The formulation was useful in identifying four countries which seemed, back then, to be part of a globe-changing trend – the transfer of economic weight from the old, rich world to up-and-coming nations with great potential and, it was believed, a vigour lacking in the old West and Japan. That re-weighting of the world economy has certainly been a feature of the past decade but it has not happened in an ordered manner and what we see now is the five economies set on very different trajectories. That is hardly surprising given the basic question which was obscured by the array of charts deployed by O’Neill and his investment bank colleagues.

First and fundamentally – what have the countries involved got in common? China is a cheap manufacturing powerhouse which lives off globalisation. India’s economy is domestically-focused. There is a sketchy similarity between Russia’s dependence on energy exports and Brazil’s sales abroad of iron ore and soft commodities of which China buys a lot. But long drawn-out negotiations for an obvious deal – Russia selling natural gas to China – drag on and on. Economic links between India and China have never lived up to the hopes at the turn of the century that the software skills of the first would dovetail with the hardware capability of the People’s Republic. As for South Africa, it exports hard commodities, indeed, but China’s expansion in Africa is hardly to its taste and President Zuma has called for a re-calibration of relations with Beijing while its relations with the other three are sketchy.

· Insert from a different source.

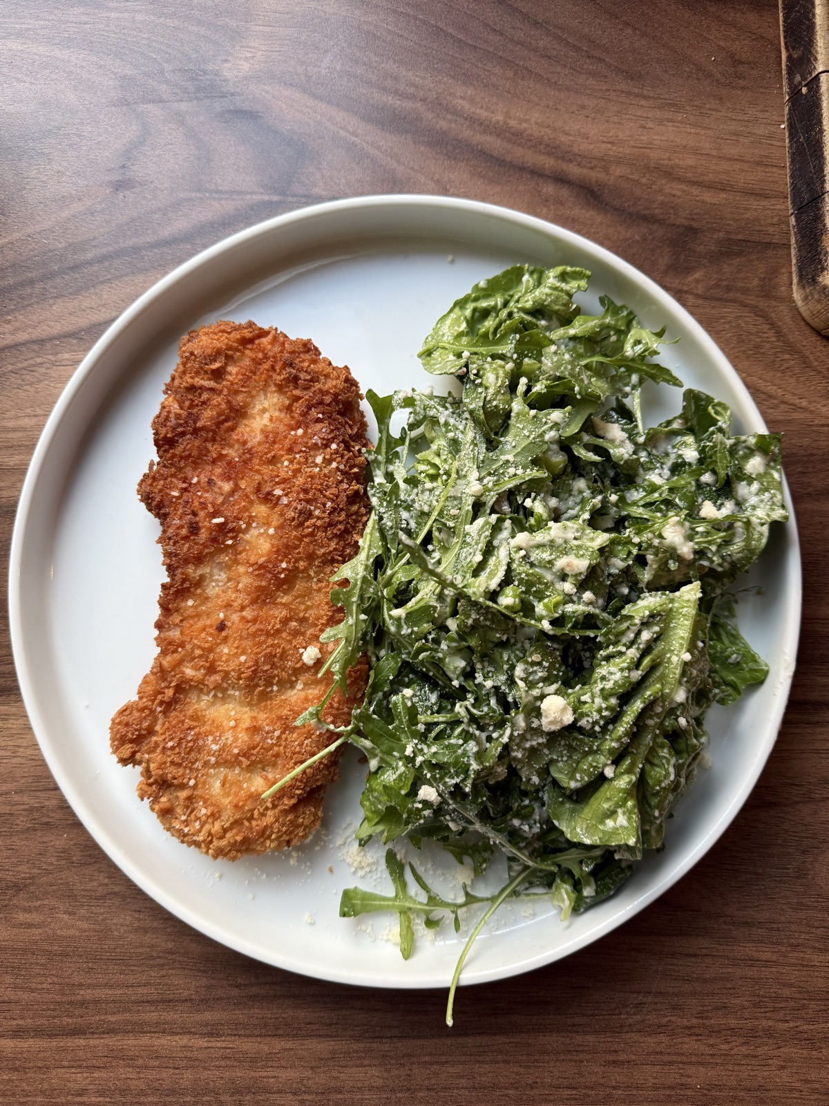 Panko breaded chicken schnitzel with a quick green salad in Caesar-esque salad

Politically, Brazil and India are democracies, each currently going into an election phase. Russia is ruled by its own brand of authoritarians with democratic trappings. China is a one-party state in which the bottom line for the leadership is the perpetuation of Communist rule, if not the application of Communism as most people understand it. The five societies are very different and their geo-politics show no coherence.

But there is one element which does bind them together, even if it is not one BRICS-boosters may relish – they each, in their separate ways, face a moment of truth. 

The politics of Putin apart, Russia will have to cope with its failure to diversify from energy to create a broader economy capable of supporting its ambitions to be a major world player. Its new central bank governor has a definite sense of purpose and the government seems to be intent on containing inflation but a significant drop in energy prices could throw everything out of kilter. Brazil’s economic model is under strain, held back by problems with infrastructure and excessive dependence on raw material exports, especially to China. Despite the Lula inheritance, Dilma Rousseff has worked herself into a stiff battle for the 2014 presidential election. India’s race for growth has faltered though it still has the demographic dividend of a young population. Though the new central bank Governor Raghuram Rajan has been showing considerable energy and application, its politics seem to be inimical to economic efficiency unless next year’s election produces a major reversal of fortune and the autumnal impact of forecasts of US tapering showed its vulnerability. Meanwhile, for all its huge potential, South Africa is prey to high unemployment, violence and social discord.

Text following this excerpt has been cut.